Es difícil no ver en esto una política de proteccionismo europeo: no mediante cuotas explícitas, sino mediante criterios de soberanía, seguridad y resiliencia que, de facto, favorecen a proveedores con anclaje europeo. La pregunta clave es si esta estrategia se convertirá en una palanca de competitividad generando escala y atrayendo inversión o en una versión sofisticada de proteccionismo que encarezca el acceso a tecnología de punta.

Von der Leyen, Draghi y la geopolítica de la IA

La Comisión Von der Leyen ha sido la más ambiciosa en regulación digital de la historia de la UE, pero también la primera en asumir que sin capacidad industrial no hay soberanía real. Encargar el informe a Mario Draghi fue un síntoma de ese diagnóstico: hacía falta un relato económico fuerte que justificara pasar de “Europa como regulador del mundo” a “Europa como actor con activos propios”.

El informe Draghi pide inversiones del orden del 4–5% del PIB anual en competitividad, con foco explícito en infraestructuras digitales, computación de alto rendimiento e IA, y reclama reducir la dependencia de proveedores no europeos en tecnologías críticas. El Cloud and AI Development Act encaja casi palabra por palabra en esa agenda: un marco único para centros de datos, cloud y IA que reduzca la sobredependencia de hyperscalers extranjeros.

Desde una perspectiva geopolítica, el mensaje que envía Bruselas es doble: hacia fuera, que la UE no quiere ser solo el regulador global de la IA, sino también un polo de infraestructura y talento; hacia dentro, que las reglas se van a suavizar en su aplicación (Digital Omnibus) justo cuando se refuerzan en lo estratégico (soberanía tecnológica).

Calendario y ventana de oportunidad

En el plano temporal, el Digital Omnibus fue propuesto en noviembre de 2025 y se espera su adopción hacia finales de 2026, con efectos graduales a partir de 2027–2028, en paralelo a la plena aplicación de las obligaciones de alto riesgo del AI Act. El European Technological Sovereignty Package entra ahora en la fase clásica de negociación entre Parlamento y Consejo, por lo que sus reglamentos (Chips 2.0 y CADA) difícilmente serán aplicables antes de la segunda mitad de la década.

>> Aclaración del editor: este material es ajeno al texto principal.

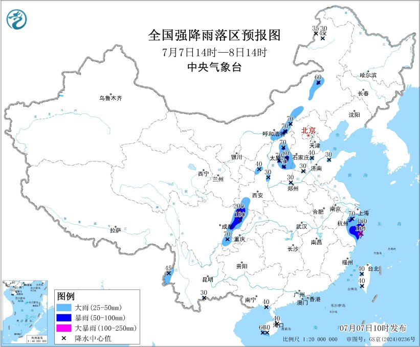 中新网7月7日电 据中央气象台网站消息,中央气象台7月7日10时继续发布暴雨蓝色预警:预计,7月7日14时至8日14时,浙江中东部、内蒙古中部和东北部、山西中东部、河北西北部和西南部、山东北部、河南北部、陕西中部和西南部、四川东部、云南西部、海南岛西南部、台湾岛西部等地部分地区有大到暴雨,其中,浙江东部、四川东北部等地局地有大暴雨(100~200毫米)。上述部分地区伴有短时强降水(最大小时降雨量20~50毫米,局地可超过70毫米),局地有雷暴大风等强对流天气。

Para empresas tecnológicas, consultoras de IA y proveedores de infraestructura, esto abre una ventana de planificación de varios años: tiempo suficiente para reposicionar cadenas de suministro, revisar acuerdos de cloud, diseñar arquitecturas “soberanas” para casos de uso críticos y, sobre todo, decidir si su apuesta de medio plazo es estar “dentro” de esta nueva Europa que quiere producir además de regular, o seguir viéndola solo como un mercado complejo al que vender desde fuera.

En última instancia, lo que está en juego no es solo quién presta el próximo contrato de nube a una administración, sino si Europa consigue o no transformar su potencia normativa en poder económico real en la era de la inteligencia artificial.